Goto

Collaborating Authors

 Wu, Eric


FineTuneBench: How well do commercial fine-tuning APIs infuse knowledge into LLMs?

arXiv.org Artificial Intelligence

There is great interest in fine-tuning frontier large language models (LLMs) to inject new information and update existing knowledge. While commercial LLM fine-tuning APIs from providers such as OpenAI and Google promise flexible adaptation for various applications, the efficacy of fine-tuning remains unclear. In this study, we introduce FineTuneBench, an evaluation framework and dataset for understanding how well commercial fine-tuning APIs can successfully learn new and updated knowledge. We analyze five frontier LLMs with commercially available fine-tuning APIs, including GPT-4o and Gemini 1.5 Pro, on their effectiveness in two settings: (1) ingesting novel information, such as recent news events and new people profiles, and (2) updating existing knowledge, such as updated medical guidelines and code frameworks.
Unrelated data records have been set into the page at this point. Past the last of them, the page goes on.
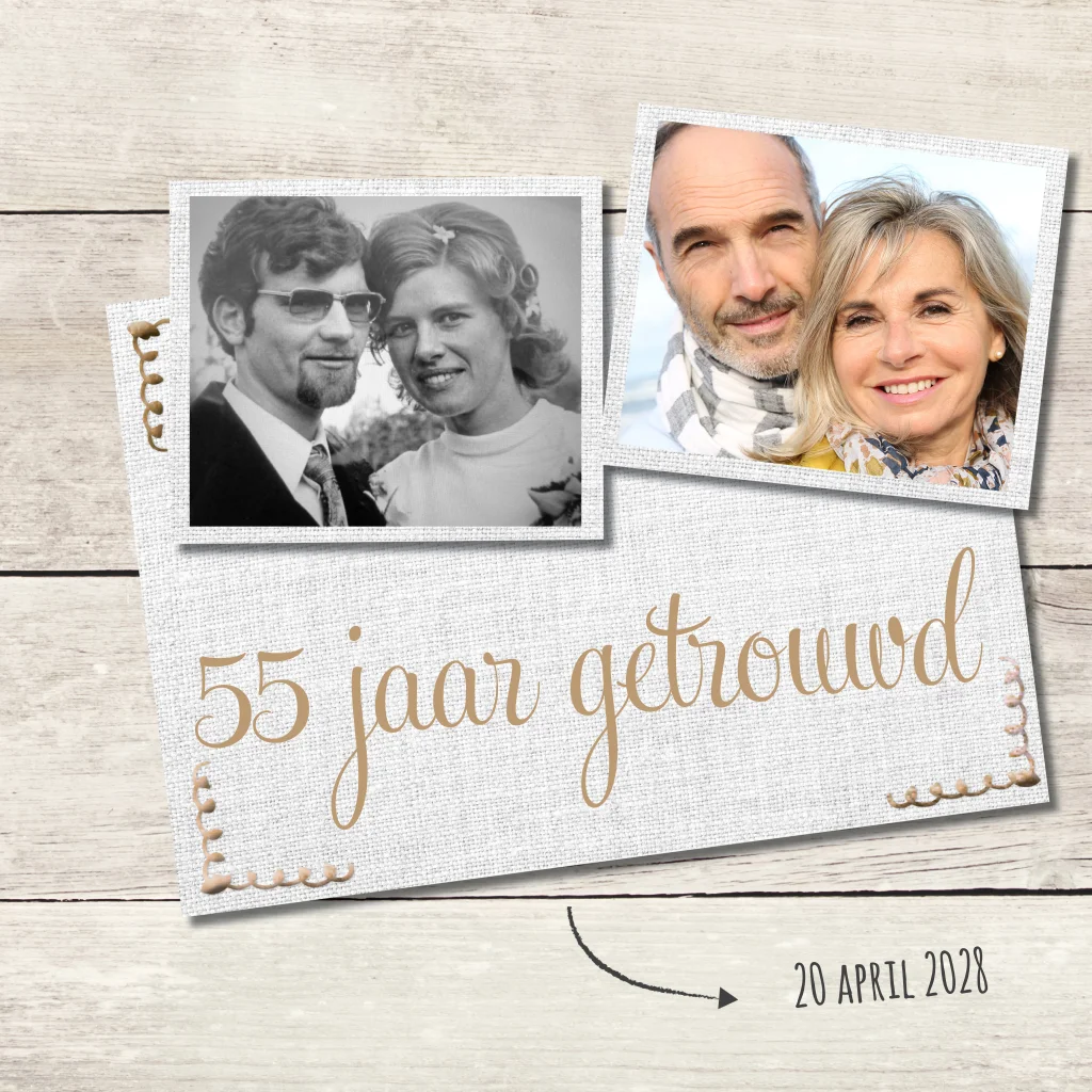 Foto collega uitnodiging feestje 55 jaar getrouwd met hout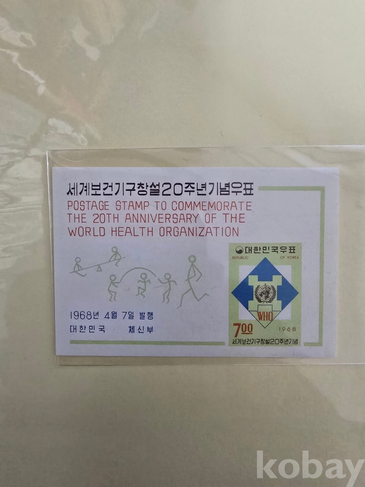 미사용 우표시트/68'4.7세계보건기구창설20주년시트
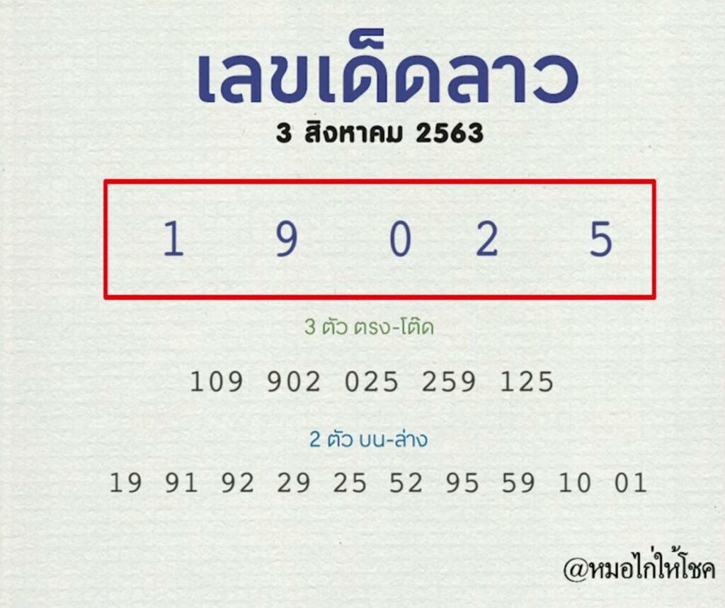 แนวทางหวยลาว งวดวันที่ 3 สิงหาคม 2563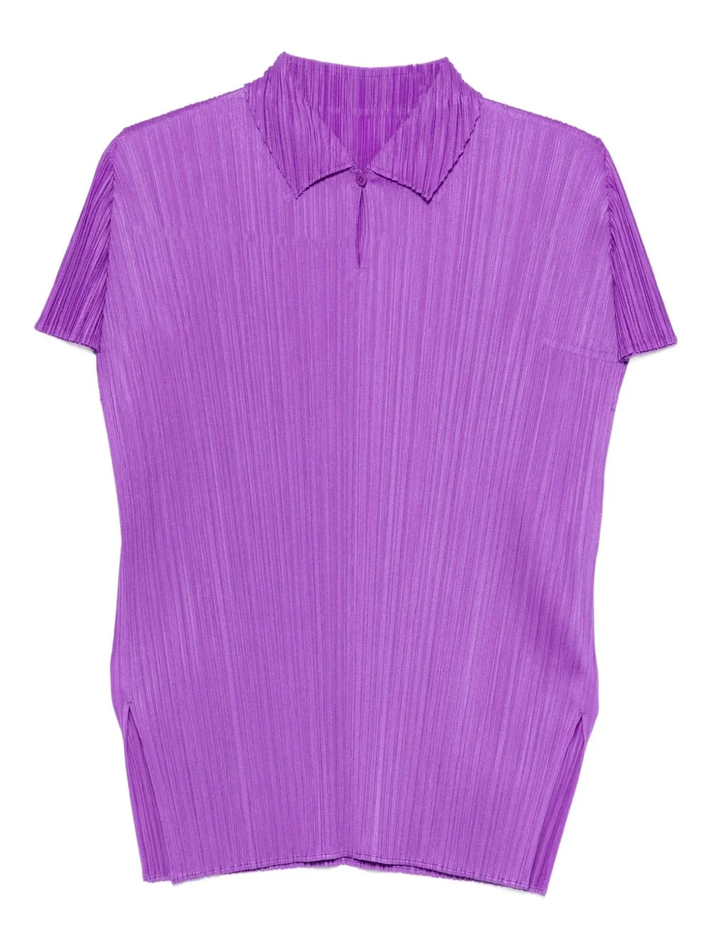 pleated collared polo shirt Highlights - Purple - Pleated design - Collared - Short sleeves - Side slits - Front button closure Imported Composition Polyester 100% SIZE & FIT Model measurements Height 5 ft 10 in(1.78 m) Bust/Chest 33.46 in(85 cm) Hips 36.22 in(92 cm) Waist 23.22 in(59 cm) FittingInformation This piece's size conversion is based on body measurements; for help with this item's sizing, refer to our Size & Fit Guide Washing instructions Machine Wash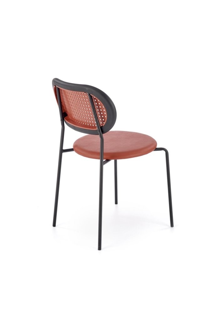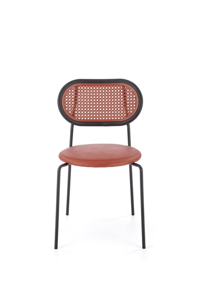 Stol Leora združuje usnje in umetni ratan za edinstven retro boho stil. Na voljo je v bordo, zeleni in drugih barvah ter je popolno dopolnilo sodobnemu ambientu.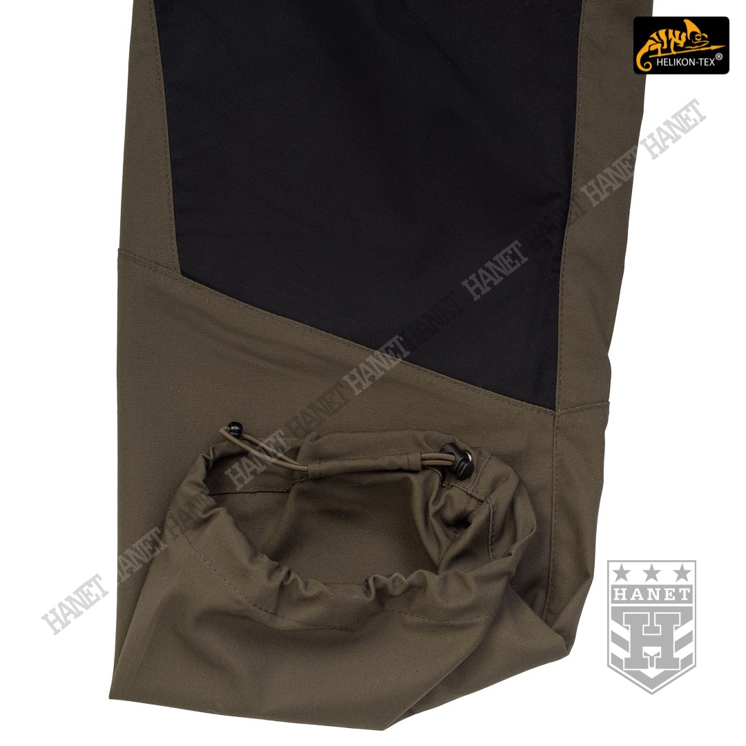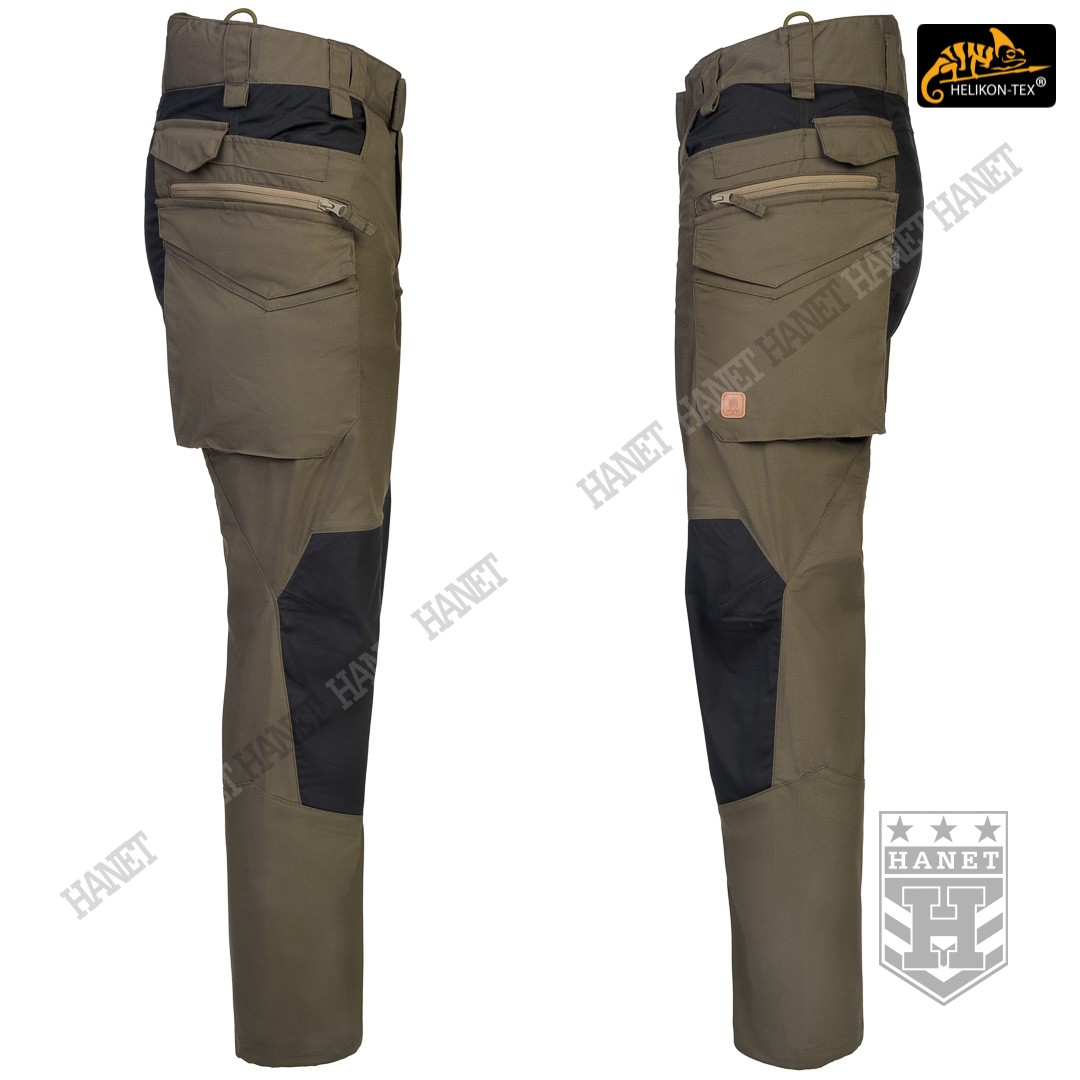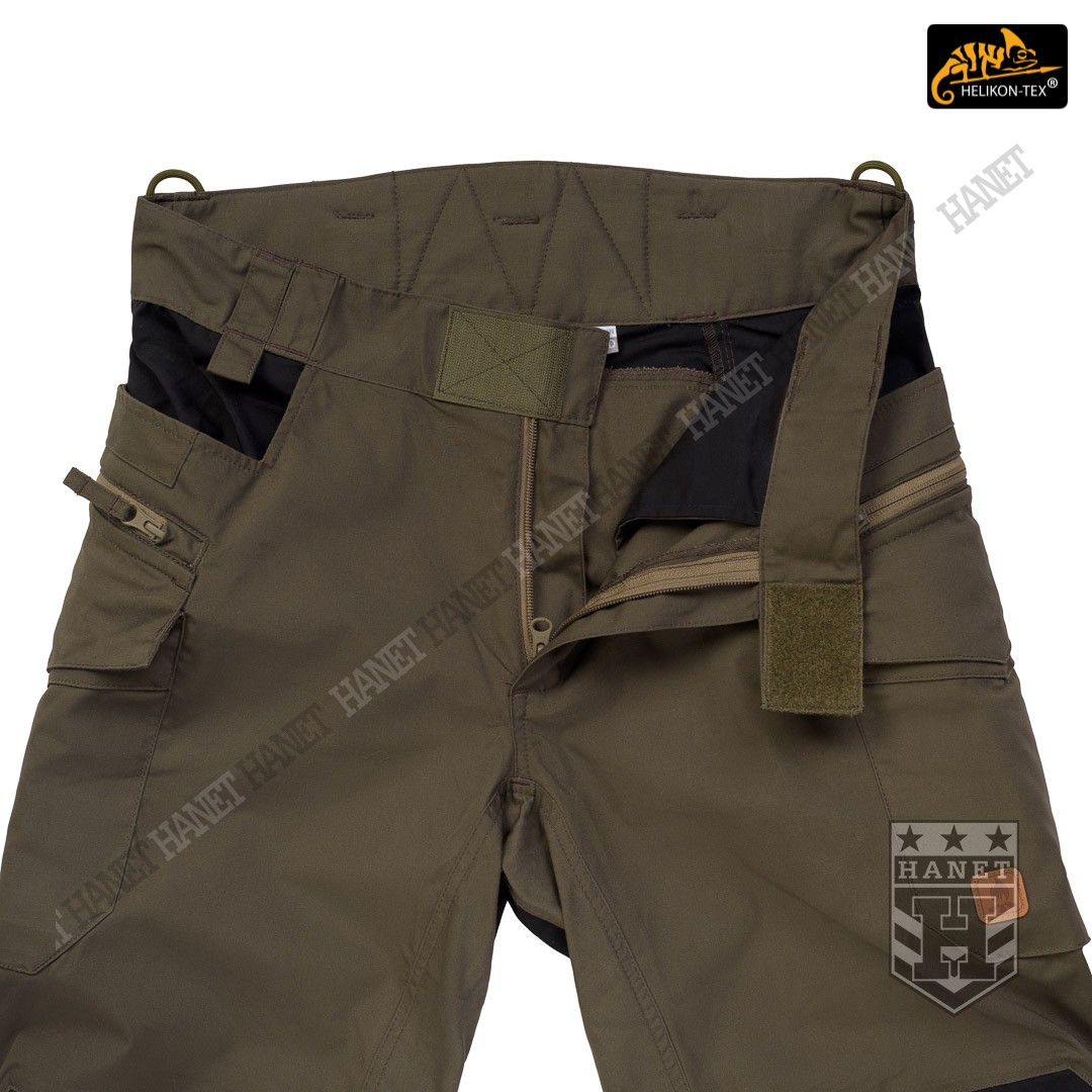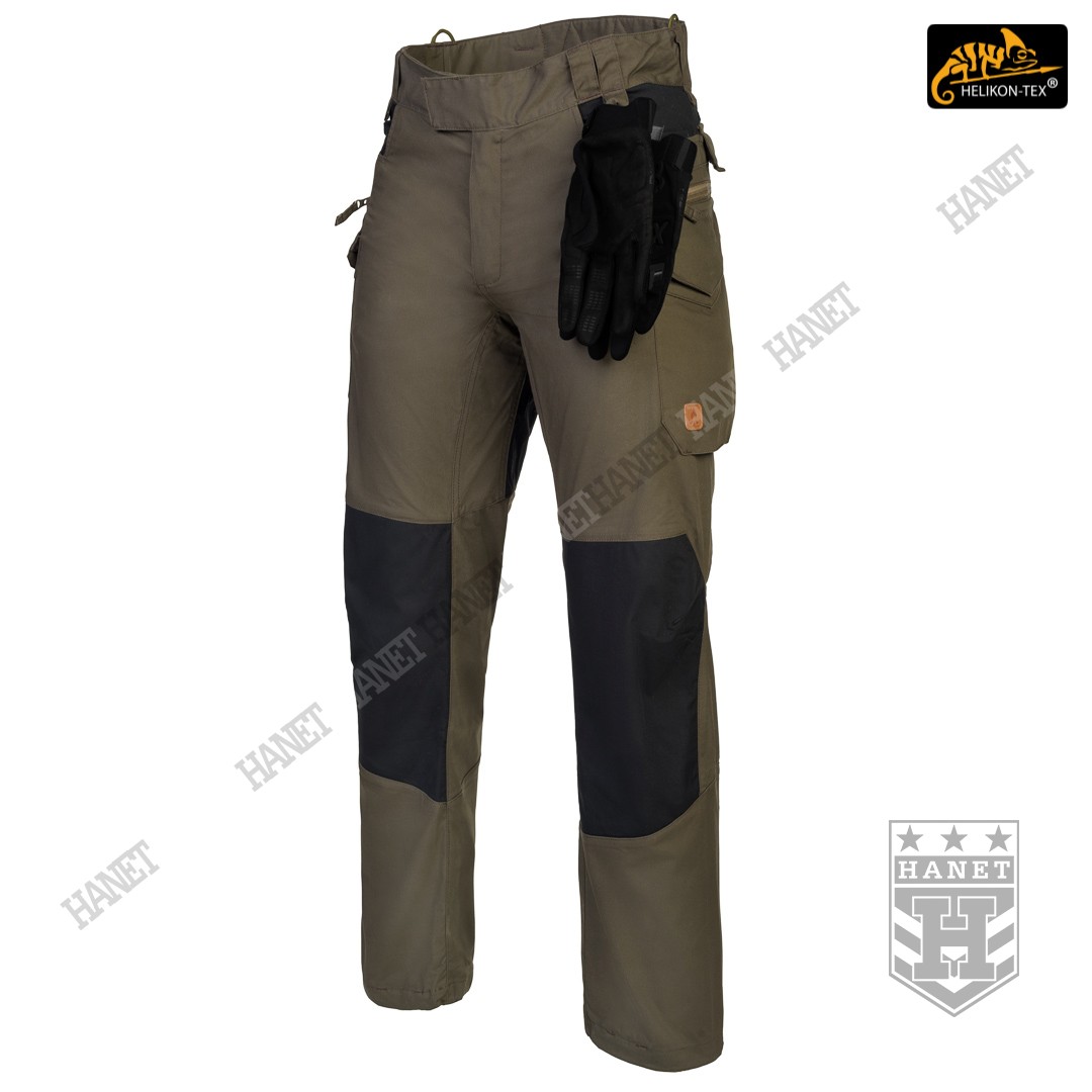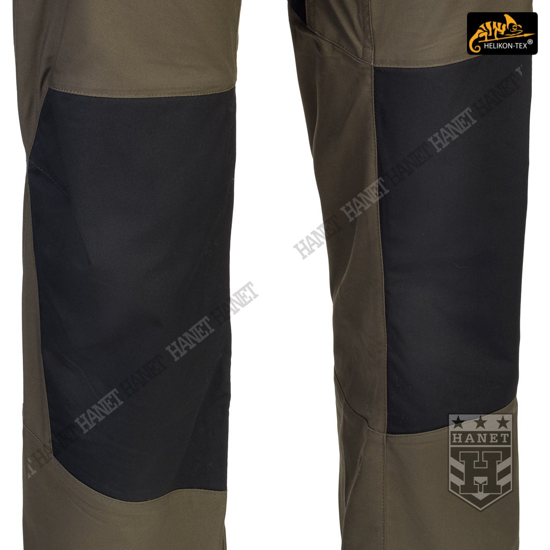 Spodnie w miejscach najbardziej narażonym na zużycie (siedzenie i kolana) zostały wzmocnione dodatkową warstwą materiału w ciemniejszym kolorze, który dodatkowo maskuje zabrudzenia. Obszycia kolan są wyposażone w anatomiczne zaszewki, które dają dodatkową wygodę oraz chronią przed wypychaniem materiału. Wewnętrzne kieszenie na wkłady piankowe (Helikon Low Profile Pad) - ochraniacze kolan. Rozporek i kieszenie boczne zapinane na mocne zamki japońskiej marki YKK®. Suwaki kieszeni bocznych zostały wyposażone w tasiemki upraszczające ich obsługę. Solidne szwy, wielokrotne w newralgicznych miejscach. Krawędzie materiału zabezpieczone ściegiem owerlok. Wewnętrzne wzmocnienia z taśmy nylonowej w punktach najbardziej narażonych na rozerwanie.

Our results reveal substantial shortcomings in all the models' abilities to effectively learn new information through fine-tuning, with an average generalization accuracy of 37% across all models. Overall, fine-tuning GPT-4o mini is the most effective for infusing new knowledge and updating knowledge, followed by GPT-3.5 Turbo and GPT-4o. The fine-tuning APIs for Gemini 1.5 Flesh and Gemini 1.5 Pro are unable to learn new knowledge or update existing knowledge. These findings underscore a major shortcoming in using current commercial fine-tuning services to achieve reliable knowledge infusion in common scenarios. As LLMs are increasingly used in diverse domains such as software development Kelly (2024) and medicine Gliadkovskaya (2024), it is important they contain up-to-date and relevant knowledge.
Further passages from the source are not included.